From someone who goes into work every single solitary day and recieves a paycheck to "change the world." I beseech you to not poo poo the power of education. The power of the changed mind. And I believe we can do that here. I try to do it on my blog every once and a while. I think it might make an impact, sometime, somewhere.

Of course I work with crime victims, not hunger or homelessness, so the dynamics are different. Everyday I work to change the "it is her fault. she went to that party/wore that dress/got herself drunk." mentality. In the end, standing in the town square behind a bull horn? What are you trying to do? The same thing I do. Speak out. Educate. Change minds. Because sometimes that is bigger than changed laws or anything tactile. Maybe if minds are changed, first perpetration of violence may be stopped. No perpetration, no victim. Now THAT is changing the world.

We can do that here as well. From one cynic to another, allow yourself to be cynical at times. But allow fits of hopefullness as well. That is the only way I can get through my day to day life.

Mad Hatter said...

Misty: Oh heavens! Far be it from me to poo-poo the value of education. Every choice I have made in my life has been a choice in favour of education. I'm all for working for the changed mind but there are times, you know, when it feels more like preaching to the choir. And other times when you hear more silence echoed back at you than, in reality, there likely is.

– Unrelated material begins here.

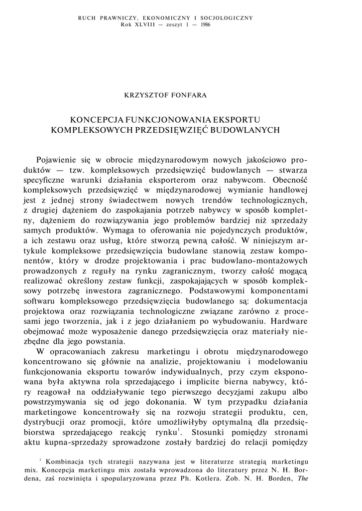 RUCH PRAWNICZY, EKONOMICZNY I SOCJOLOGICZNY R o k X L V I I I — zeszyt 1 — 1986 KRZYSZTOF FONFARA KONCEPCJA FUNKCJONOWANIA EKSPORTU KOMPLEKSOWYCH PRZEDSIĘWZIĘĆ BUDOWLANYCH Pojawienie się w obrocie międzynarodowym nowych jakościowo pro duktów — tzw. kompleksowych przedsięwzięć budowlanych — stwarza specyficzne warunki działania eksporterom oraz nabywcom. Obecność kompleksowych przedsięwzięć w międzynarodowej wymianie handlowej jest z jednej strony świadectwem nowych trendów technologicznych, z drugiej dążeniem do zaspokajania potrzeb nabywcy w sposób komplet ny, dążeniem do rozwiązywania jego problemów bardziej niż sprzedaży samych produktów. Wymaga to oferowania nie pojedynczych produktów, a ich zestawu oraz usług, które stworzą pewną całość. W niniejszym ar tykule kompleksowe przedsięwzięcia budowlane stanowią zestaw kompo nentów, który w drodze projektowania i prac budowlano-montażowych prowadzonych z reguły na rynku zagranicznym, tworzy całość mogącą realizować określony zestaw funkcji, zaspokajających w sposób komplek sowy potrzebę inwestora zagranicznego. Podstawowymi komponentami softwaru kompleksowego przedsięwzięcia budowlanego są: dokumentacja projektowa oraz rozwiązania technologiczne związane zarówno z proce sami jego tworzenia, jak i z jego działaniem po wybudowaniu. Hardware obejmować może wyposażenie danego przedsięwzięcia oraz materiały nie zbędne dla jego powstania. W opracowaniach zakresu marketingu i obrotu międzynarodowego koncentrowano się głównie na analizie, projektowaniu i modelowaniu funkcjonowania eksportu towarów indywidualnych, przy czym ekspono wana była aktywna rola sprzedającego i implicite bierna nabywcy, któ ry reagował na oddziaływanie tego pierwszego decyzjami zakupu albo powstrzymywania się od jego dokonania. W tym przypadku działania marketingowe koncentrowały się na rozwoju strategii produktu, cen, dystrybucji oraz promocji, które umożliwiłyby optymalną dla przedsię biorstwa sprzedającego reakcję rynku 1 . Stosunki pomiędzy stronami aktu kupna-sprzedaży sprowadzone zostały bardziej do relacji pomiędzy 1 Kombinacja tych strategii nazywana jest w literaturze strategią marketingu mix. Koncepcja marketingu mix została wprowadzona do literatury przez N. H. Bordena, zaś rozwinięta i spopularyzowana przez Ph. Kotlera. Zob. N. H. Borden, The 118 Krzysztof Fonfara sprzedającym a p e w n y m ogólnym rynkiem (tzw. rynkiem anonimowym), niż do relacji z indywidualnymi nabywcami. Odmienne od dotychczaso wo analizowanych warunki działania eksportera i nabywcy komplekso wych przedsięwzięć budowlanych wymagają innego spojrzenia na funk cjonowanie obrotu tymi przedsięwzięciami oraz stanowią przesłankę prze wartościowania koncepcji marketingowej. W dalszej części artykułu funkcjonowanie eksportu kompleksowych przedsięwzięć budowlanych interpretuje się jako relacje występujące po między eksporterem a nabywcą, na które wpływ mogą mieć różne czyn niki (np. specyfika nabywcy, p r o d u k t u czy gospodarki kraju eksportera), określające możliwości kształtowania nowych potrzeb nabywcy przez eksportera i/lub dostosowywanie się eksportera do preferencji nabywcy. Z uwagi bowiem na charakter nabywcy, jego kompetencje, możliwości techniczno-technologiczne, organizacyjne i finansowe oraz specyfikę przedmiotu obrotu, zakłada się, iż eksporter może (a często musi) w spo sób bierny przystosowywać się do konkretnie sprecyzowanej przez na bywcę potrzeby. Nabywca może przejawiać zatem daleko idącą aktyw ność, jeśli chodzi o generowanie potrzeby, jej dokładne opisanie oraz przesądzenie sposobu materializacji. Aktywna lub bierna rola jednej ze stron znajduje swój wyraz w uogólnionej wariantowej prezentacji relacji pomiędzy eksporterem a nabywcą. Relacje te bowiem mogą przybrać charakter: 1) oddziaływania nabywcy na eksportera (aktywny nabywca, bierny eksporter) — wariant pierwszy, 2) wzajemnego oddziaływania (interakcji) pomiędzy eksporterem a n a bywcą (aktywny może być zarówno nabywca, jak i eksporter) — wa riant drugi, 3) oddziaływania eksportera na nabywcę (aktywny eksporter, bierny nabywca) — wariant trzeci. W literaturze marketingowej, jak wyżej wspomniano, koncentrowano się głównie na uwzględnianiu funkcjonowania sprzedaży różnym nabyw com towarów indywidualnych, jednakże przede wszystkim w aspekcie r y n k u anonimowego, gdzie kupujący rozpatrywany był jako element większej zbiorowości. W t y m przypadku przyjmowano założenie o po dobieństwach występujących pomiędzy nabywcami, co znajdowało swoje odzwierciedlenie w stosowaniu tzw. przeciętnego nabywcy. Ponadto eks ponowano aktywną rolę sprzedającego i implicite bierną kupującego, co odpowiada trzeciemu wariantowi relacji pomiędzy eksporterem a nabyw cą 2 . Takie podejście przyjmowane z reguły słusznie dla towarów konConcept of the Marketing Mix, Journal of Advertising Research, June 1964; Ph. Kotler, Marketing Management. Analysis, Planning and Control, Prentice — Hall International, New York 1967. 2 Zob. R. M. Hill, R. S. Alexander, J. S. Cross, Industrial Marketing, Homewood, Illinois 1975 oraz Ph. Kotier, Marketing Management. Koncepcja funkcjonowania eksportu przedsięwzięć budowlanych 119 sumpcyjnych rozszerzano de facto również na towary inwestycyjne i m a sowe. Te trzy grupy towarowe i odpowiadające im trzy grupy nabywców bowiem były przedmiotem oddzielnych analiz i charakterystyk. Związana z wariantem trzecim koncepcja marketingu mix zakładała, iż zmienne w r a m a c h poszczególnych komponentów m a r k e t i n g u mix po w i n n y być zróżnicowane w zależności od wymienionych wyżej grup t o warowych, w r a m a c h g r u p towarowych, a w skrajnym przypadku każdy indywidualny towar powinien mieć swoją specyficzną wersję m a r k e t i n gu mix. Rynek jednak, z założenia rozpatrywany

Both you and Jen have jobs that allow you to work to change the world. I respect that deeply. Sometimes, though, those of us who must settle for changing the world in our free time get overwhelmed by the weary weight of this world and our utter inability to do much of anything that is concrete or worthwhile. Having kids only compounds that sense of anxiety and fatalism.

I do have much hopefullness. Vast stores of it, in fact. If I didn't, I wouldn't still be working on the Just Posts. It's been a year and I see no sign of quiting in my future. Still, I think it important and honest to periodically raise these doubts that I and, likely, others have. Not to do so would feel not only dishonest but creepily self-congratulatory.

Mad Hatter said...

All: Thank you for your responses here. You are certainly helping me to frame a greater context for what it is we do here.

Mad Hatter said...

And Kyla? I love the fire in your belly. Promise me you'll keep the flames stoked for years to come.

Victoria said...

Wow - I've been wading through your links and have learned so much. And felt so deeply.

Keep up the great work.

JCK said...

Mad, Happy Anniversary! And congratulations to all the fine writers in November.

I am honored to have this badge. You've inspired me with your post here and I answered you, I hope, in my post today. Thank you: http://motherscribe.blogspot.com/2007/12/every-pebble-makes-ripple-in-pool-every.html

Lawyer Mama said...

Happy anniversary, babe.

I'm like you. I'm awfully pessimistic, both about what can be done and what I'm doing. (Not much.)

Once you have children, it's a Catch 22. You become MORE aware of all the ills of the world and more motivated to make things better for your kids BUT you also have no time or energy to do it.

thordora said...

Right now, I'm all armchair. And likely will be forever, since I can hardly muster the energy (mentally) to write about things that make me angry, let alone get up and do them.

But if the worst I can do is speak out, and have someone listen, well, then that will have to do, for now.

Andrea said...

I wrote you a post today, Mad. Happy Anniversary.

And curses on blogger for making me do this:

Andrea

Magpie said...

As ever, you guys rock.

And the "think of England" line - isn't that what the blushing bride is supposed to do on her wedding night? I think that's a pretty common expression.

Mad Hatter said...

Magpie: Only if she's not enjoying it and is only doing it for God and Country.

wheelsonthebus said...

Of course we know that expression. Posting a response to this post today.